- **Exercise data**
======

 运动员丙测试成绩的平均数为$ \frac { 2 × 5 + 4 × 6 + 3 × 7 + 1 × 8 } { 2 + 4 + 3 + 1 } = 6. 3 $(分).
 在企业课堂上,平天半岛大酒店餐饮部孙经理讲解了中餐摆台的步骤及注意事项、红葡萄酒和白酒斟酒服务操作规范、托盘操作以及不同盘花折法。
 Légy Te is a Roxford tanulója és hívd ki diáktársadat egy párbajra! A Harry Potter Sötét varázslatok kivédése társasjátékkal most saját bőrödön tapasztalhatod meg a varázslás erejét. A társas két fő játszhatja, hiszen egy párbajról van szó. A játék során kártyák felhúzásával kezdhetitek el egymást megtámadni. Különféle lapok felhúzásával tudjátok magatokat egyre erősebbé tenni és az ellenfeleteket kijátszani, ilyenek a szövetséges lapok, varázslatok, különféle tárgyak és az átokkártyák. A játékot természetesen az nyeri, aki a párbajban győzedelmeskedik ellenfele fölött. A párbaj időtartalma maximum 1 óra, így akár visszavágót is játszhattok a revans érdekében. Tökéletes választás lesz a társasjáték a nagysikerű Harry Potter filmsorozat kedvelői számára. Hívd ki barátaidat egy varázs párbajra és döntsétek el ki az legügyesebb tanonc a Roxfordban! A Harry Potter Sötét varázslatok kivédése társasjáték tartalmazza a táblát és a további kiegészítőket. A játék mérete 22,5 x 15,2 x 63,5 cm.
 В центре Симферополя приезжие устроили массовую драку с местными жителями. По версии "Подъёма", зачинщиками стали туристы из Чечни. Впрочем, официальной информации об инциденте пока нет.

======

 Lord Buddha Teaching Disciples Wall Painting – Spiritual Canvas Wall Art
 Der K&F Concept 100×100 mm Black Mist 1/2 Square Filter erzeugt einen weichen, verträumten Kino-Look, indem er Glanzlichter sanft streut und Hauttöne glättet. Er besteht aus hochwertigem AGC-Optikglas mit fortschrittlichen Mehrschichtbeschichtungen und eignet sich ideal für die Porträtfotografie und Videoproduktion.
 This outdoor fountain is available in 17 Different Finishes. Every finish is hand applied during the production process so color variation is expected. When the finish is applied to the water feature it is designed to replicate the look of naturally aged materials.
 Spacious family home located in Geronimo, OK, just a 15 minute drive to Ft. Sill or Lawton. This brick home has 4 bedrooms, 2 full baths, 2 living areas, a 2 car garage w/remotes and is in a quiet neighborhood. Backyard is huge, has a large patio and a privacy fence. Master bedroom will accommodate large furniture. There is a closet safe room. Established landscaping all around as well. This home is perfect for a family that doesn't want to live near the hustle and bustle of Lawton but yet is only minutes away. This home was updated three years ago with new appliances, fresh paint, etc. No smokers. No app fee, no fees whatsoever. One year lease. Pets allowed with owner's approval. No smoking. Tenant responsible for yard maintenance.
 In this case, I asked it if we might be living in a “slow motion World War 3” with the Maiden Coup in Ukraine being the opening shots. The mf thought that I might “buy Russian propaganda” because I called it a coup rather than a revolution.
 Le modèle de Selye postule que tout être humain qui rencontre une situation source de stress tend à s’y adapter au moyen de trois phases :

======

- **The task**
In the records above, find the lines containing "that" and copy them.

- **Written reply**
 Spacious family home located in Geronimo, OK, just a 15 minute drive to Ft. Sill or Lawton. This brick home has 4 bedrooms, 2 full baths, 2 living areas, a 2 car garage w/remotes and is in a quiet neighborhood. Backyard is huge, has a large patio and a privacy fence. Master bedroom will accommodate large furniture. There is a closet safe room. Established landscaping all around as well. This home is perfect for a family that doesn't want to live near the hustle and bustle of Lawton but yet is only minutes away. This home was updated three years ago with new appliances, fresh paint, etc. No smokers. No app fee, no fees whatsoever. One year lease. Pets allowed with owner's approval. No smoking. Tenant responsible for yard maintenance.
 In this case, I asked it if we might be living in a “slow motion World War 3” with the Maiden Coup in Ukraine being the opening shots. The mf thought that I might “buy Russian propaganda” because I called it a coup rather than a revolution.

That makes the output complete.